## PROBLEM REQUIREMENTS
Sift the listing for lines that hold the string "with" and pull them out.
--- START ---
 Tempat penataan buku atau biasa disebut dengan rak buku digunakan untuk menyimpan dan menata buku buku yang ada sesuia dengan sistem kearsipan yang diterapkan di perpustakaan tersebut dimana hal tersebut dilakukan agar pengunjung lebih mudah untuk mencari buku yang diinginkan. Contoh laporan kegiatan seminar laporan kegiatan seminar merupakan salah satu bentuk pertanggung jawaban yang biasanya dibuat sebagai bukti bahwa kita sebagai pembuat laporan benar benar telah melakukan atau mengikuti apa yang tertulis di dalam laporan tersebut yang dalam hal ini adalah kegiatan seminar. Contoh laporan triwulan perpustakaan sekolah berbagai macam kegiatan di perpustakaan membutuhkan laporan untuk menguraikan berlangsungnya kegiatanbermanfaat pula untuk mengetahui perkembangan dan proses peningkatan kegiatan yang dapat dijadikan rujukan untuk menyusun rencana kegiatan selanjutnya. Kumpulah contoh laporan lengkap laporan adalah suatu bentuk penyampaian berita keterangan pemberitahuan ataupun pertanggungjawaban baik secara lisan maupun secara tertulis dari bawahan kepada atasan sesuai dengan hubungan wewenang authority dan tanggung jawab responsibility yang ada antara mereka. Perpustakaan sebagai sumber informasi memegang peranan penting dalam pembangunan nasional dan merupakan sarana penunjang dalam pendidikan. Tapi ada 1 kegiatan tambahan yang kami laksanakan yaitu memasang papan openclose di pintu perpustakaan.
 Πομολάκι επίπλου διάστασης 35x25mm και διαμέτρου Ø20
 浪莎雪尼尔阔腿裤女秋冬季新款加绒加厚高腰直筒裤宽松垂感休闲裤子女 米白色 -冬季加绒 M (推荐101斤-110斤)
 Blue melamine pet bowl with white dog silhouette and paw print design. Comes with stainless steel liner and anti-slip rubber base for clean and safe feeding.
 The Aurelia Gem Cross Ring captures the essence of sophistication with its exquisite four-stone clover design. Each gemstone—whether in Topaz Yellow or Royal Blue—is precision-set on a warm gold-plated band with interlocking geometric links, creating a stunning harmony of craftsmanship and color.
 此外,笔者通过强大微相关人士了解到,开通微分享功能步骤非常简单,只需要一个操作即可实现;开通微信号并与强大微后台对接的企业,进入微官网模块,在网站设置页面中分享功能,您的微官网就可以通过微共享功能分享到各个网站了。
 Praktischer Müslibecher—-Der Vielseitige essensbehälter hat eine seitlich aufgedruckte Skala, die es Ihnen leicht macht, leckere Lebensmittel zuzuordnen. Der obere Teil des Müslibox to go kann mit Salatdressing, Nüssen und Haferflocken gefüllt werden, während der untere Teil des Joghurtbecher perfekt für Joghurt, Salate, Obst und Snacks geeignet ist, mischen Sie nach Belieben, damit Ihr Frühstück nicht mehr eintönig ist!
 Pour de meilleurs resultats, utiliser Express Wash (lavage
--- END ---
## EXERCISE RESPONSE
 Blue melamine pet bowl with white dog silhouette and paw print design. Comes with stainless steel liner and anti-slip rubber base for clean and safe feeding.
 The Aurelia Gem Cross Ring captures the essence of sophistication with its exquisite four-stone clover design. Each gemstone—whether in Topaz Yellow or Royal Blue—is precision-set on a warm gold-plated band with interlocking geometric links, creating a stunning harmony of craftsmanship and color.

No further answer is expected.